Task input
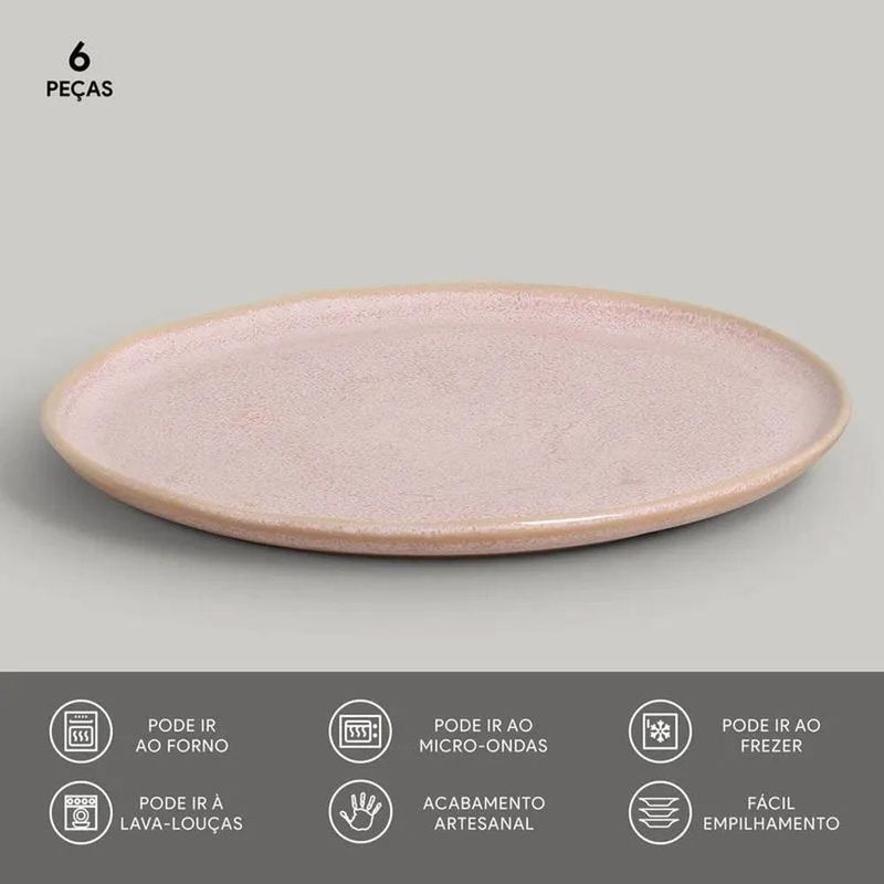 Conjunto de Pratos Rasos Porto Brasil Bio Litchi Rosa Claro 29cm 6 Peças REF: 7908416621754
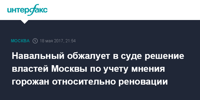 Москва. 18 мая. INTERFAX.RU - Оппозиционер Алексей Навальный обжалует в суде постановление столичного правительства об учете мнения горожан по реновации жилищного фонда в Москве, сообщил "Интерфаксу" адвокат оппозиционного политика Иван Жданов.
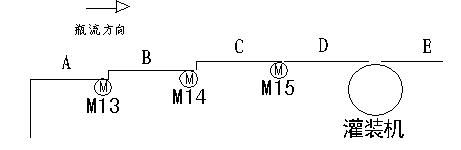 根據(jù)工藝要求,灌裝機(jī)前面的輸送帶分成若干段。A﹑B﹑C﹑D﹑E為輸送帶,M13﹑M14﹑M15分別為A﹑B﹑C帶的拖動(dòng)電機(jī)。D帶與灌裝機(jī)機(jī)械聯(lián)動(dòng),E帶由另一電機(jī)拖動(dòng)。另外,各帶上均有光電傳感器探測(cè)瓶流速度。PLC根據(jù)瓶流調(diào)整各段輸送帶的速度。
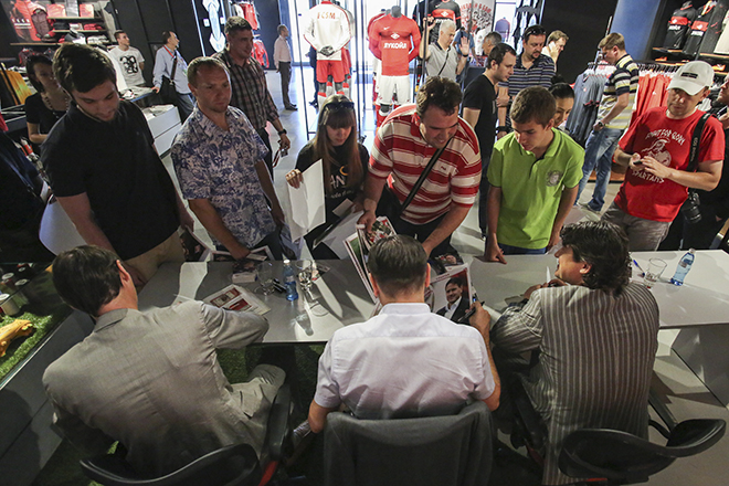 В фирменном магазине «Спартака» на «Открытие Арене» прошла автограф-сессия тренерского штаба красно-белых.
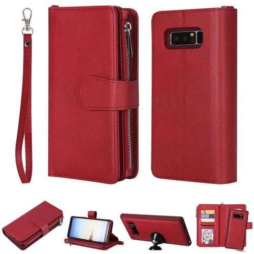 Estuche protector 2 en 1 para Galaxy Note 8 con cremallera, ranuras para tarjetas, soporte y función billetera (Rojo)

Assignment
Repeat the material exactly, without images.

Exercise result
 Conjunto de Pratos Rasos Porto Brasil Bio Litchi Rosa Claro 29cm 6 Peças REF: 7908416621754
 Москва. 18 мая. INTERFAX.RU - Оппозиционер Алексей Навальный обжалует в суде постановление столичного правительства об учете мнения горожан по реновации жилищного фонда в Москве, сообщил "Интерфаксу" адвокат оппозиционного политика Иван Жданов.
 根據(jù)工藝要求,灌裝機(jī)前面的輸送帶分成若干段。A﹑B﹑C﹑D﹑E為輸送帶,M13﹑M14﹑M15分別為A﹑B﹑C帶的拖動(dòng)電機(jī)。D帶與灌裝機(jī)機(jī)械聯(lián)動(dòng),E帶由另一電機(jī)拖動(dòng)。另外,各帶上均有光電傳感器探測(cè)瓶流速度。PLC根據(jù)瓶流調(diào)整各段輸送帶的速度。
 В фирменном магазине «Спартака» на «Открытие Арене» прошла автограф-сессия тренерского штаба красно-белых.
 Estuche protector 2 en 1 para Galaxy Note 8 con cremallera, ranuras para tarjetas, soporte y función billetera (Rojo)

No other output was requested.